### Data extract
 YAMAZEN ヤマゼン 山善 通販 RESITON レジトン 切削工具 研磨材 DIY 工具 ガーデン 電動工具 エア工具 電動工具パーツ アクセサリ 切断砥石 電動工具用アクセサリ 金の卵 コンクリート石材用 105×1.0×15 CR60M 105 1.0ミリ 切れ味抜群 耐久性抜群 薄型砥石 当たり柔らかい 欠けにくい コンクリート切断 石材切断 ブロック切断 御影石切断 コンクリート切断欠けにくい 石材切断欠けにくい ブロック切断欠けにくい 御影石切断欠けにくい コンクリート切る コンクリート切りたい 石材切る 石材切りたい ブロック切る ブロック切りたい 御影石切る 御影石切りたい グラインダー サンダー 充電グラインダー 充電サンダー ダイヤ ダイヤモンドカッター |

==

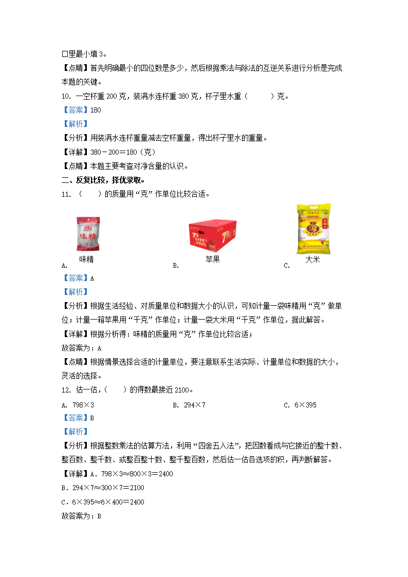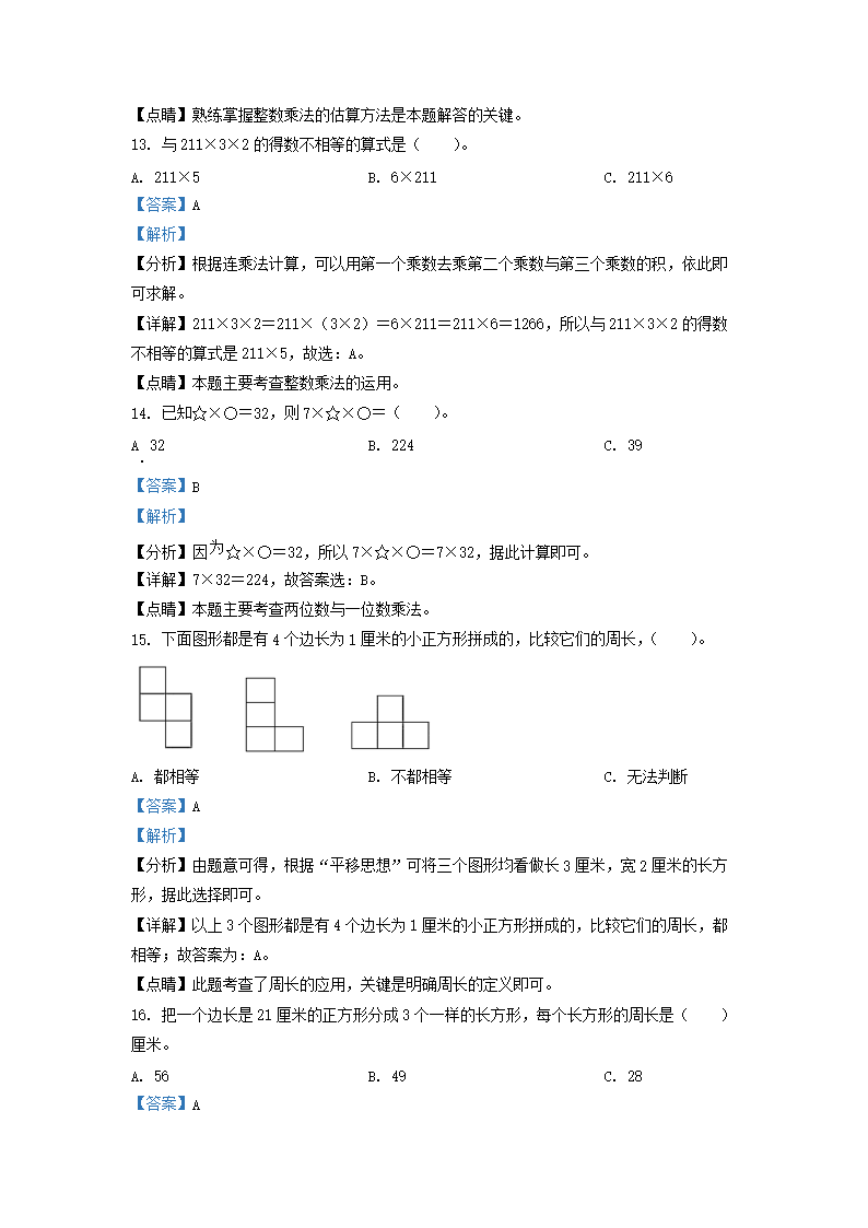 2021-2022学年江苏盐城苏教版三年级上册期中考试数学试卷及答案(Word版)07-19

---

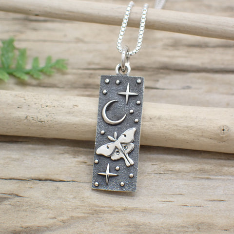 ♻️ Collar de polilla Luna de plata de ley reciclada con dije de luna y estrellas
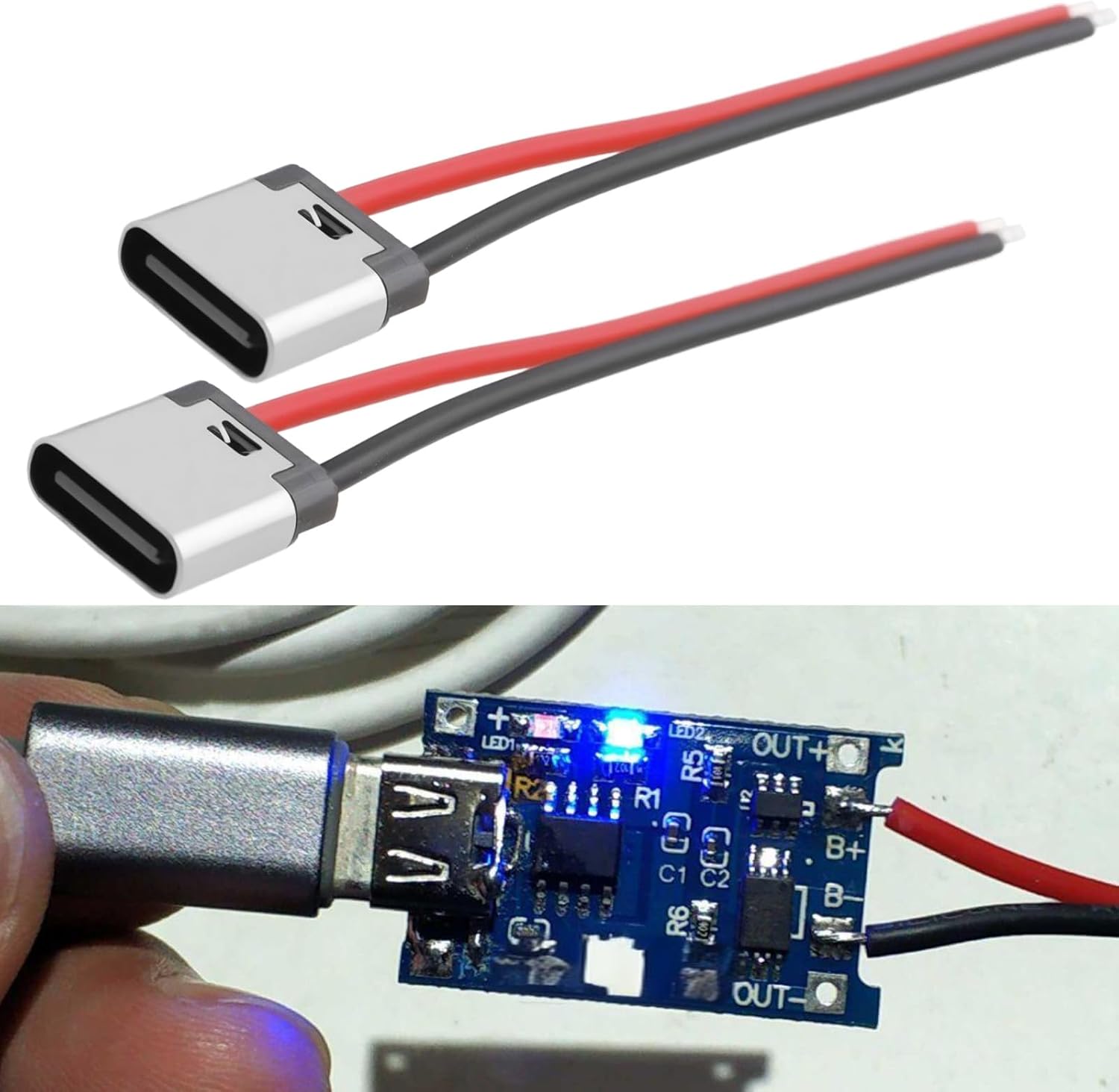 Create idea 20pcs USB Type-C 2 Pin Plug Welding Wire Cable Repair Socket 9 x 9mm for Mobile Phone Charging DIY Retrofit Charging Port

### Task requirements
Find the line with "luna y estrellas" in the data above, and from there retype each line exactly through the line with "Create idea 20pcs", skipping the pictures along the way.

### Answer to this task
 ♻️ Collar de polilla Luna de plata de ley reciclada con dije de luna y estrellas
 Create idea 20pcs USB Type-C 2 Pin Plug Welding Wire Cable Repair Socket 9 x 9mm for Mobile Phone Charging DIY Retrofit Charging Port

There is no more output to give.